There is something profoundly solitary about these paintings. Perhaps seeing the gallery recreation of the cramped quarters Machado lives in for months on end, one can’t help but imagine the personal sacrifice these paintings represent. By assembling a sleeping quarters with his T.V. essentially lying next to him, his audience experiences a sense a loneliness, even claustrophobia. Machado avoids populating the canvases with people, with one notable exception. In a painting that is hung just above and beyond the T.V. monitor, his own son sits at the end of a row boat wearing a life vest and floating far from shore. There is much emotion packed into this single painting. It speaks to a future filled with adventure, and perhaps moments of solitude. It also contains a narrative of drifting with -- not pushing against -- nature. There is melancholy here too, as Machado depicts his own son as a future sailor. The boy stares at the viewer, at Machado the painter, with a look on his face conveying both resignation and curiosity.

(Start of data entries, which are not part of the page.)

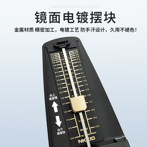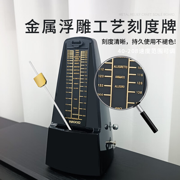 NKKIO尼康节拍器是日本进口的高品质乐器配件,适用于钢琴、吉他等多种乐器的考级和练习。经典款黑色外观设计简约大方,符合专业演奏者的审美需求。商品优势主要体现在稳定可靠的性能上。机芯精准灵敏,节拍准确无误;音量清晰可调,操作简便易学;同时具备多种节拍模式选择,满足不同曲目和速度要求。购买建议:对于热爱音乐、追求专业表现的人士来说,NKKIO尼康节拍器绝对是一个值得投资的选择。使用这款产品将带来更加规范严谨的节奏感受,并提升您在考级或演出时的表现水平。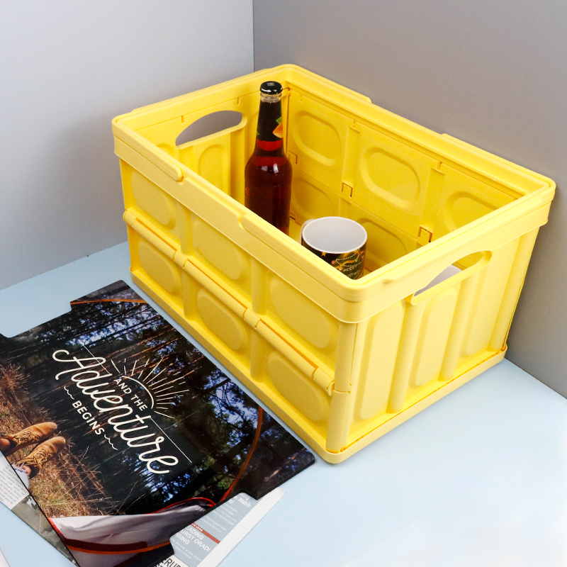 Made from high-quality plastic material, the box is lightweight yet durable. It features foldable construction for easy storage and portability, and sturdy side handles for effortless carrying.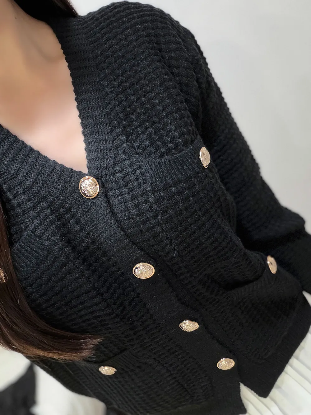 ボタンVネッククロップドスリム長袖カーディガン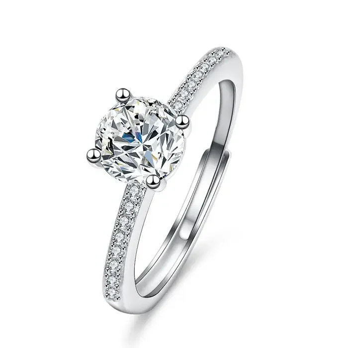 Anillo en Plata Ley 925 con circonita cúbica y moissanita de 1 kilate Certificado.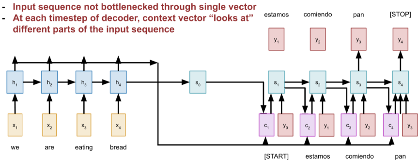 이렇게 attention을 사용하면 병목현상이 사라지고 매 time step마다 input의 어떤 다른 부분을 볼 건지를 변경할 수 있다.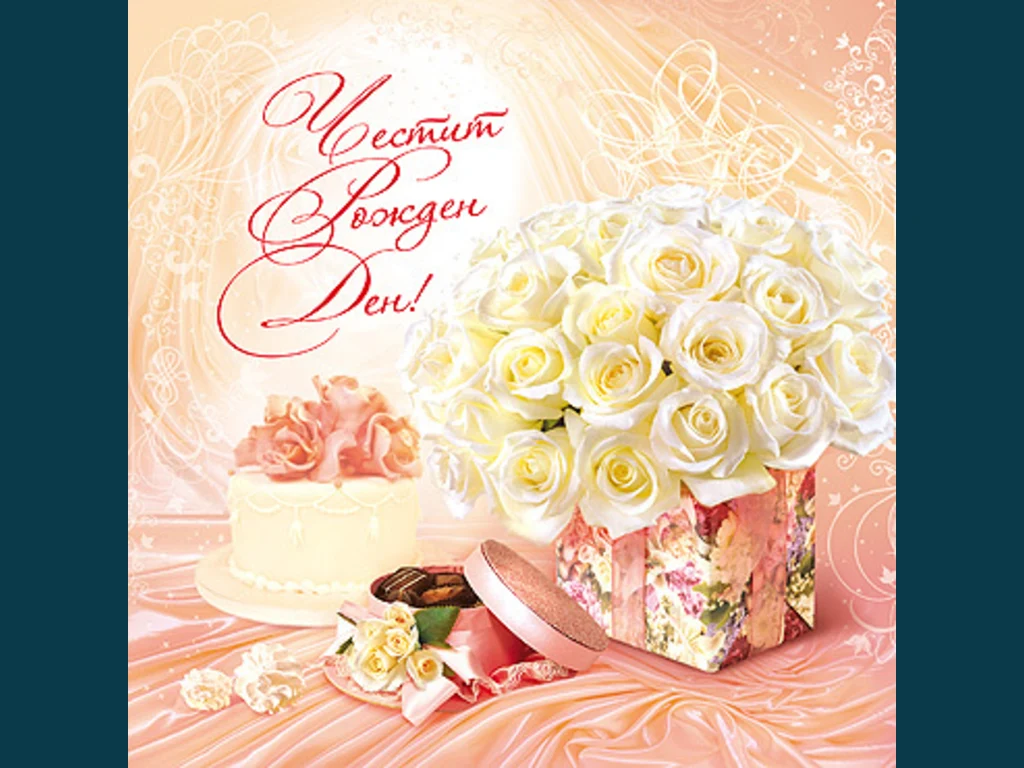 Ключови фрази: Изключително специална нежна красива картичка поздрави рожден ден огромен изискан букет бели рози подарък панделка сатен бонбониера сладкиши торта магическа красота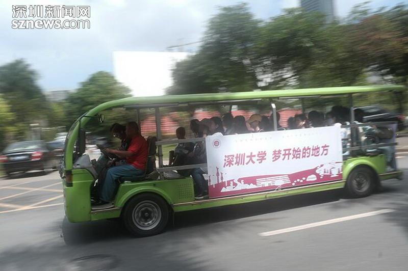 開放日校方免費開放了電瓶車搭載學(xué)生家長進行參觀
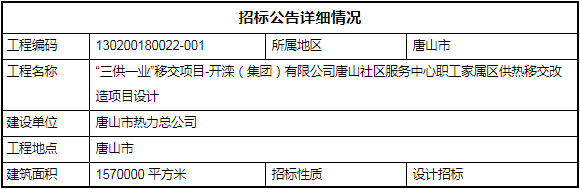 4月28日,河北省住建廳網(wǎng)站發(fā)布招標公告,開灤(集團)有限公司唐山社區(qū)服務中心職工家屬區(qū)要進行供熱移交改造,共涉及29個小區(qū)數(shù)萬戶。 工程名稱:“三供一業(yè)”移交項目-開灤(集團)有限公司唐山社區(qū)服 ...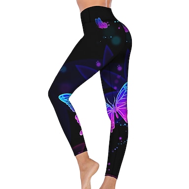 Damskie Spodnie do jogi Podnoszenie pośladków Wyszczuplenie brzucha Wysoka talia Trening w siłowni Bieganie Zdatność Rajstopy Getry Nadruk Fioletowy Jesień Zima Sport Odzież sportowa Wysoka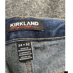 Kirkland signature men’s denim dark blue jeans sz 34 x 32 frayed hem
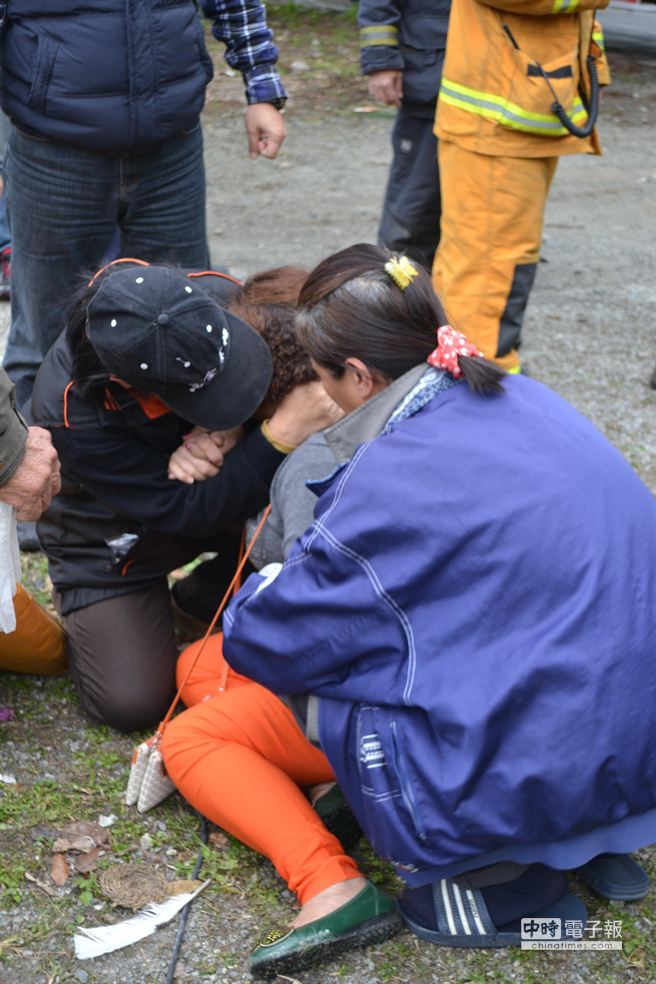 高的母親感到現場後,難過的痛哭失聲並癱軟在地上,大喊:「我的兒子啊!」(簡浩正攝) 花蓮縣新城鄉景美村一戶民宅,今日下午發生一起火警,消防局據報後趕往撲救,因大火猛烈,經50分鐘左右火勢才完全撲滅。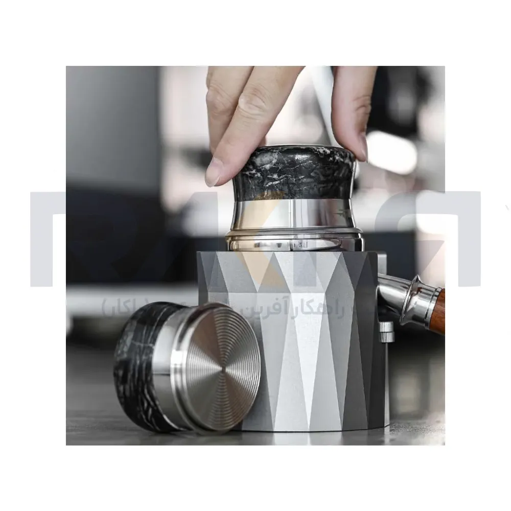 - تمپر کردن: پس از استفاده از لولر، با استفاده از تمپر، پودر قهوه را فشرده کنید.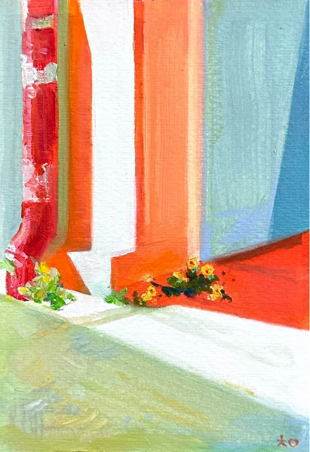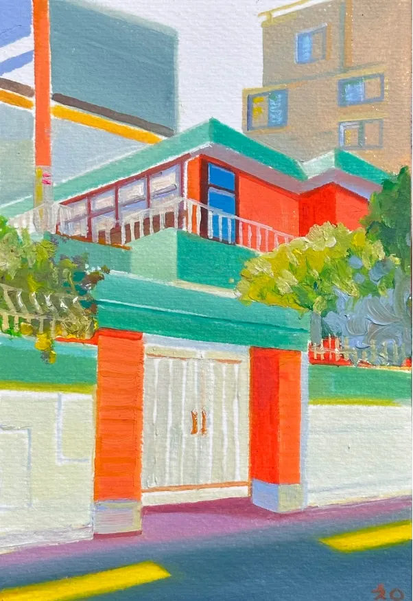 나는 주로 다양한 색채와 형태를 이용하여 일상을 바라본다. 우연히 그림에 사용하게 된 주황색은 캔버스 안에서 자유롭게 세상을 펼칠 수 있는 기회가 되었다. 반복되는 하루, 똑같은 걸음, 똑같은 동네에서의 지루한 풍경에서도 새롭게 느낄 수 있는 평범한 모양새들을 찾아 일상을 즐기게 되었다. 점차 여러 색깔을 탐방하는 마음으로 풍경을 바라보기 시작했다. 주황색을 비롯하여, 다양하게 어우러지는 색채와 유화의 은폐력은 일상에서 종종 마주하게 되는 근심 가득한 실제를 감추기에 충분했다. 그리하여 시선이 매우 일상적인 공간을 따라 흘러간다. 어떤 색을 더해도, 그것을 매료시키는 주황색의 힘이 부러웠다. 이후에 화면에서 기존의 색을 의식적으로 잃어버리기도, 오롯이 색채만을 추출하기도 했다. 상상 속의 색채를 가지고 현실과 조합하여 세상을 아름답게 보기 위한 시선을 키운다. 한 지붕 아래, 뜨거운 태양 아래서, 누가 사랑하고 누가 외로운지는 몰라도 사람 냄새나는 동네에서 조화를 찾고, 또 모두의 안녕을 기원하는 마음으로 그림을 그린다.

We are all ocean folk, in a sense; this globe being 71 percent water. We are unified by water and dependent on it to absorb carbon dioxide. There is a palpable open question posed by scenes of serene beauty amid industrial activity. It may be a glimmer of hope or a jolt to activism that, in certain paintings, Machado depicts images of what abides in the world of nature (the snowy tip of Mt. Fuji) and in the world of the heart (his young son in a row boat). These are not symbols. Compositionally, they stand as totems or horizon lines from which the eye cannot falter without losing its way.
Water and sunlight themselves act as a further unifier and muse. Machado’s joy and reverence in illustrating the shimmer of mobile light on shivering waves is infectious. The soft, watery, wistful quality of his palate, renders delicate dots and dashes ala Morse code. What he communicates is both timeless and immediate.
It is impossible not to think of Homer’s Odyssey when examining the work of a mariner who spends long periods of time away from his family. Homer remains a touchstone not only for being the world’s first poet, but because the wanderer’s story teaches us about the vagaries of human experience and how to decide -- despite challenges we encounter along the journey -- which way to point. Machado’s paintings stir up this deeper level of existential consideration and they do so with consummate visual lyricism. It is a distinct lingering pleasure to see this work.